Kniphofia Planting Tips

While I along with many others have dabbled with no dig methods of gardening, in truth I have yet to find anything that works better when establishing a new bed than digging the bed throughly over and incorporating a good amount of organic matter. This holds true for growing Kniphofia, where good preparation of the soil helps significantly helps in permitting a nice open and well drained soil structure – conditions which Kniphofia thrive in.

When it comes to when to plant Kniphofia , as herbaceous perennials, conventional wisdom holds true that Spring and Autumn are the best planting times. Of these two however, I have had the most significant success with spring plantings – with Autumn planted Kniphofia occasionally struggling through the following Winter. I chalk this up to Spring planted Kniphofia simply having a longer season to grow and bed in before having to face the daunting winter cold and wet. Autumn plantings do work well though for larger plants.

The cold and wet of Winter can be daunting for a young Kniphofia!
Kniphofia nothiae in Winter

Kniphofia are often sold planted quite deep in a pot

Having decided when to plant your Kniphofia and prepared your soil the next question is how to actually plant it. Conventional wisdom tells us that when planting a herbaceous perennial it should be planted at the exact depth it was in the pot. But is that the best advice for Kniphofia? This all depends upon who grew the plant, in general though I have found that Kniphofia are very commonly planted too deep in pots!

If these plants are planted out at this exact height, while they may well be ok for a season or two, I find that increasingly such plants are at risk of crown rot – resulting in failure to thrive or death of the plant if left unchecked.

Through a process of trial and error, I have found that the optimal Kniphofia planting depth is to have the woody crown of the plant slightly proud of the soil surface – akin to how bearded Irises are planted. By planting at this depth you are actively removing the susceptible portion of the plant from the soil. This also encourages more stems to grow by exposing the crown to light.

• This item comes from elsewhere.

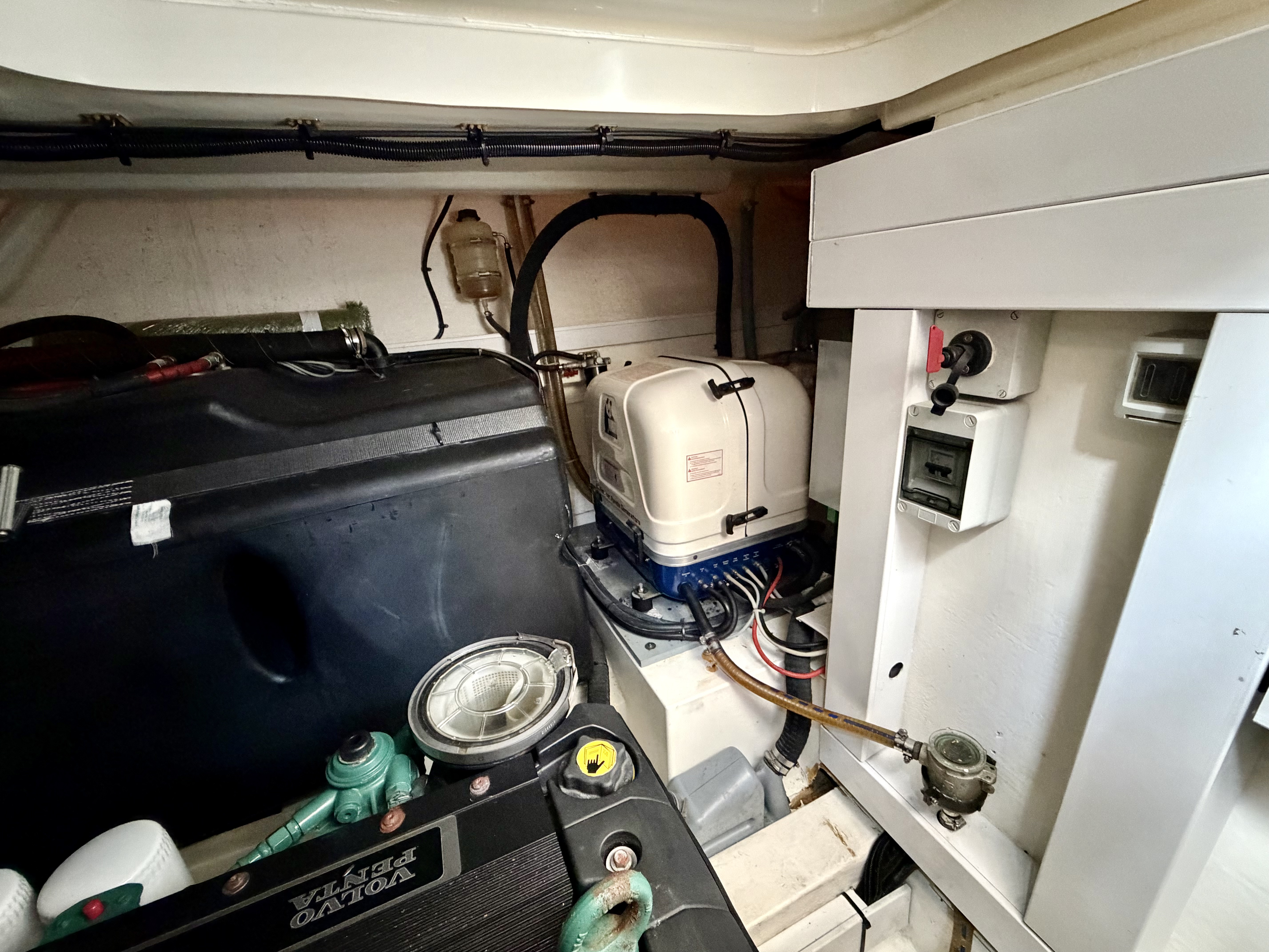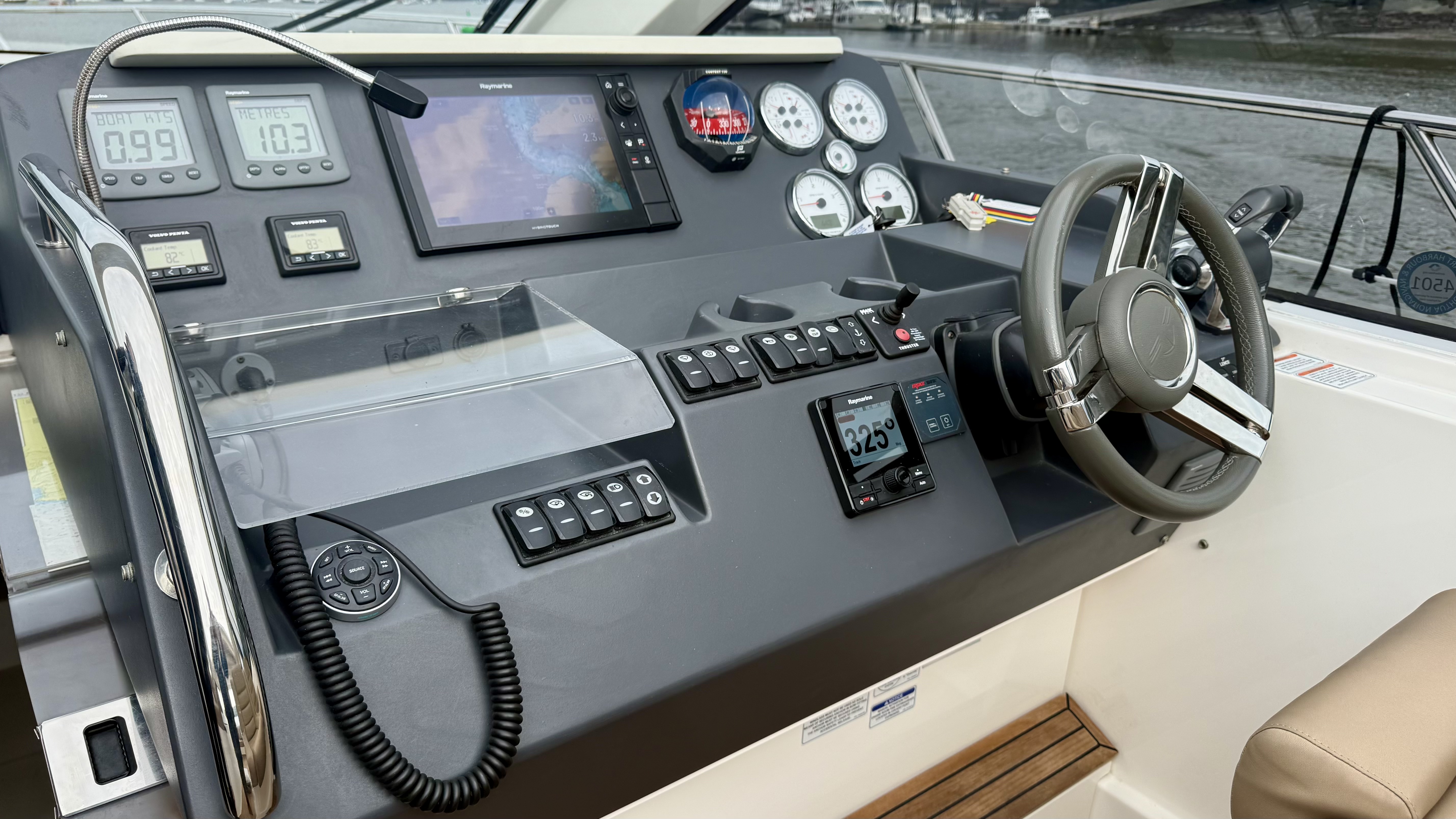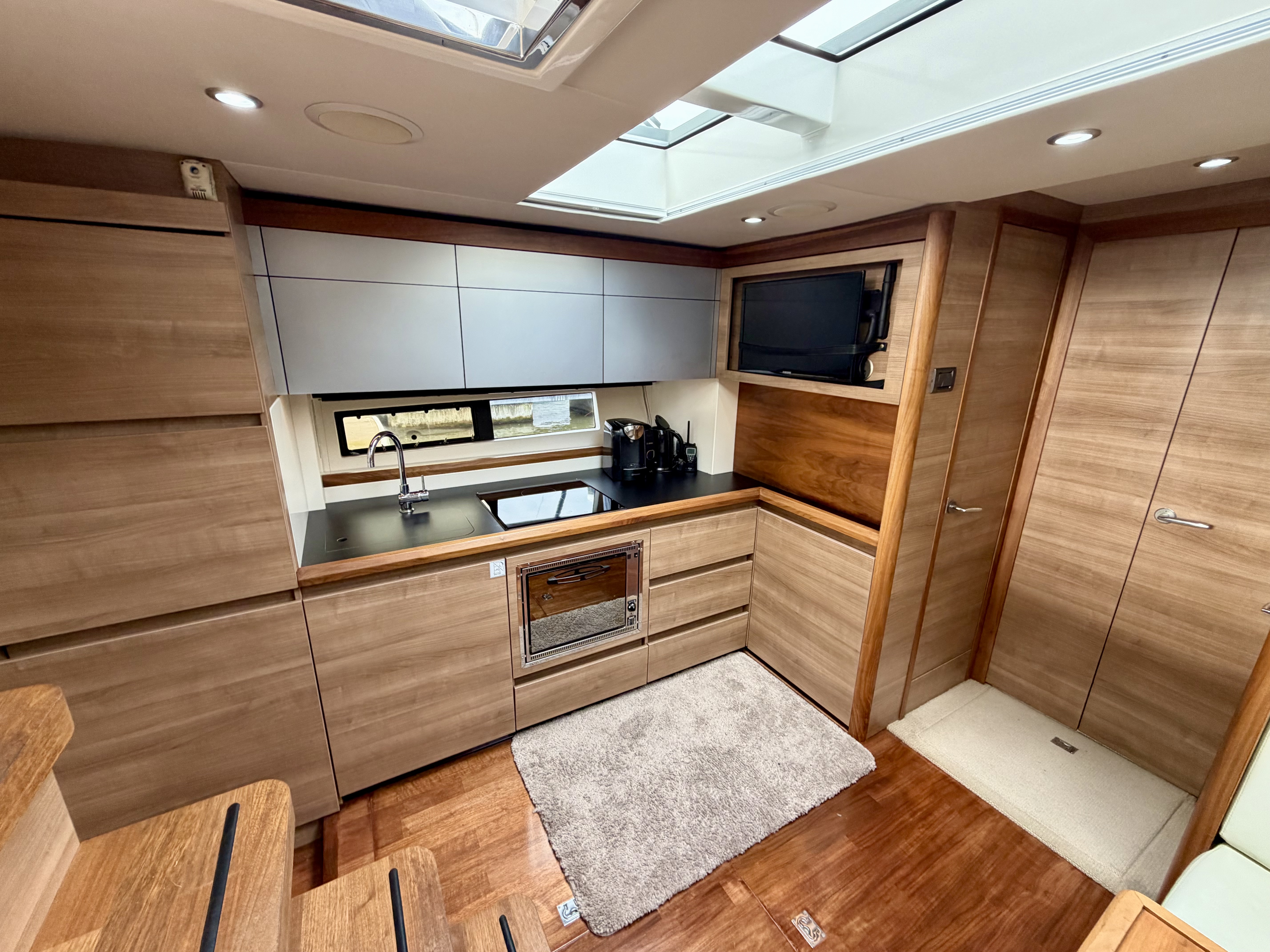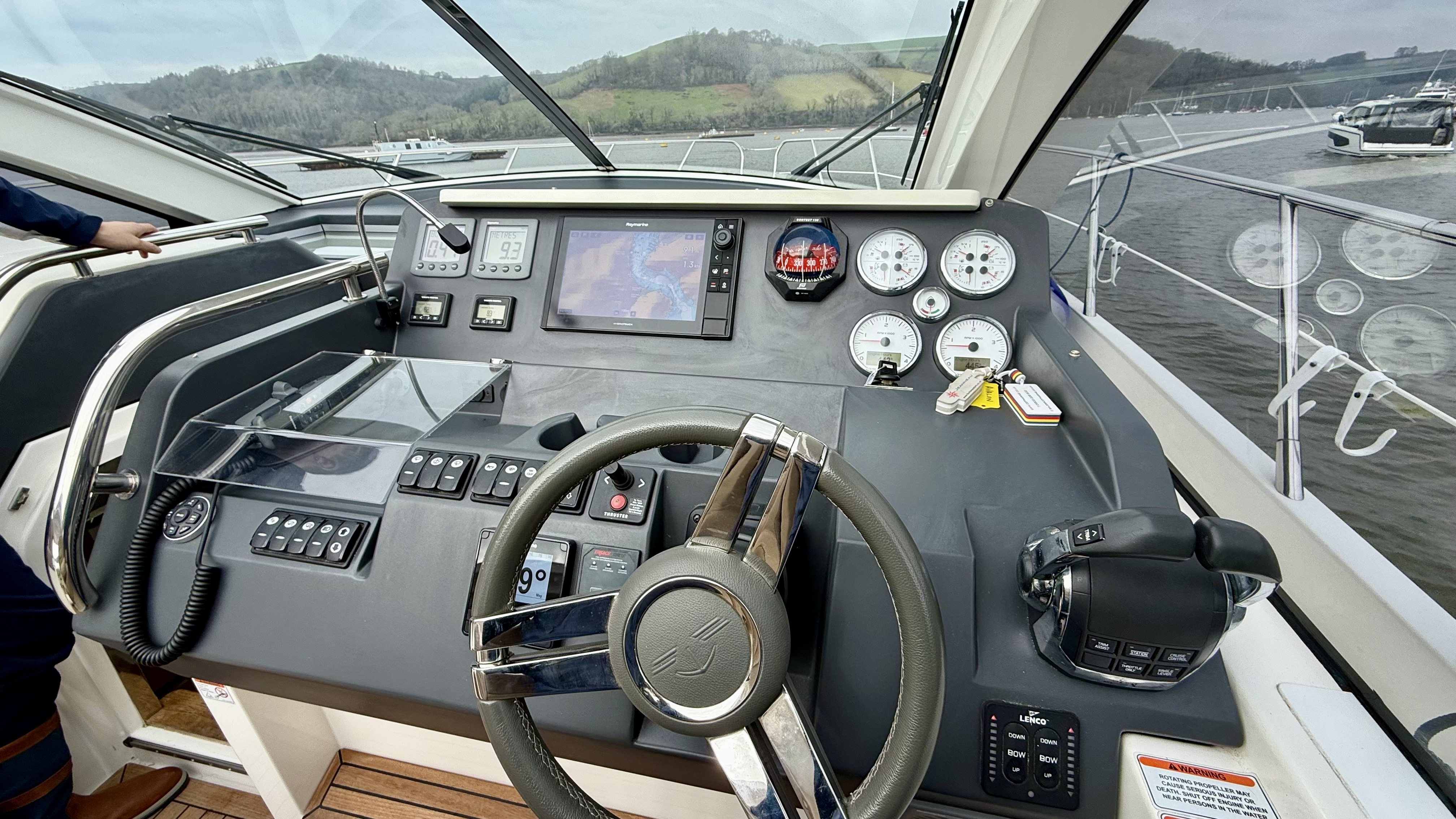 Handling is straightforward and precise thanks to the twin D6 engines, Lenco trim tabs and a Max Power bow thruster. Navigation is well catered for with a full Raymarine suite including HybridTouch chartplotter, radar, autopilot and data display, alongside VHF, compass and Volvo Penta engine data screens. An electric anchor windlass with stainless steel anchor, navigation lights, horn and windscreen wipers further underline her cruising credentials. Shore power and a Fischer Panda generator by Fischer Panda provide complete independence whether berthed or at anchor!

Woody crown of Kniphofia caulescens ‘John May’
Kniphofia sarmentosa undeterred by winter snow. Photograph by Peter Kohn

The only caveat of this method is winter cold. Kniphofia in extreme winters can succumb to the cold and die. I have found however that the old leaves typically form a natural insulating layer for the crown, protecting it from all but the most severe cold – in which even deeply planted plants could succumb anyway!

I advocate that before planting out a Kniphofia, it Is important carefully inspect the base of the plant. Can you see the crown? Is it just a mass of leaves arising from the soil? If so always begin by stripping away the upper layer of soil until the crown or base of the stems are exposed – sometimes plants are not yet old enough to have developed a noticeable woody crown.

Kniphofia with excess soil stripped away to reveal the lower stems
Hole dug and ready for planting

During this process you may well be removing some surface level roots but, in my experience, this does no harm to the plant. It is far better to ensure the Kniphofia is planted at the correct depth than worrying about a few lost roots! Only once you are happy that you have exposed the crown should you dig a hole for the plant.

Dig a hole just deep enough to ensure the crown sits slightly proud of the soil. Double check the crown is not buried, add a little grit to the base of the planting hole if planting in a heavier soil and carefully bring back the soil and firm in well, ensuring the plant cannot rock in the wind.

Always take care to ensure the crown is not buried when planting Kniphofia

Then give the Kniphofia good water, taking care not to unduly soak the crown. Keep the plant relatively well watered for the first couple of months – a good soak once a week should suffice. Once settled into the new bed, slowly taper down your watering to encourage the plant to find its own water source. Once established and mature, Kniphofia need little to no additional water.

Aftercare cultivation tips

Just because your Kniphofia is now planted at the correct depth, crown proud, and growing well your job is not done! Every Spring there is work to do to ensure your Kniphofia stays healthy! Typically Spring is the time of the year where mulching is the most important job in the garden. With Kniphofia though take care!

Having taken so much effort to ensure the plant crown is not buried don’t undo this good work by burying the plant in mulch, instead leave a good circumference around the plant un-mulched as a precaution against crown rot. Other important Spring jobs for Kniphofia include giving them a generous handful of your favoured fertiliser and tidying up the plant by removing all dead or dying foliage. Such foliage will be immediately obvious, being brown/yellow and dry or slightly mushy.

Kniphofia ready for a Spring tidy
The perfect hiding place for slugs and snails!

As this dead foliage is unsightly, removing it immediately improves the appearance of plants but more importantly by removing this dead foliage you are both removing a hiding place for slugs and snails and also removing a potential source of rot – rot which could well spread into the crown later in the year.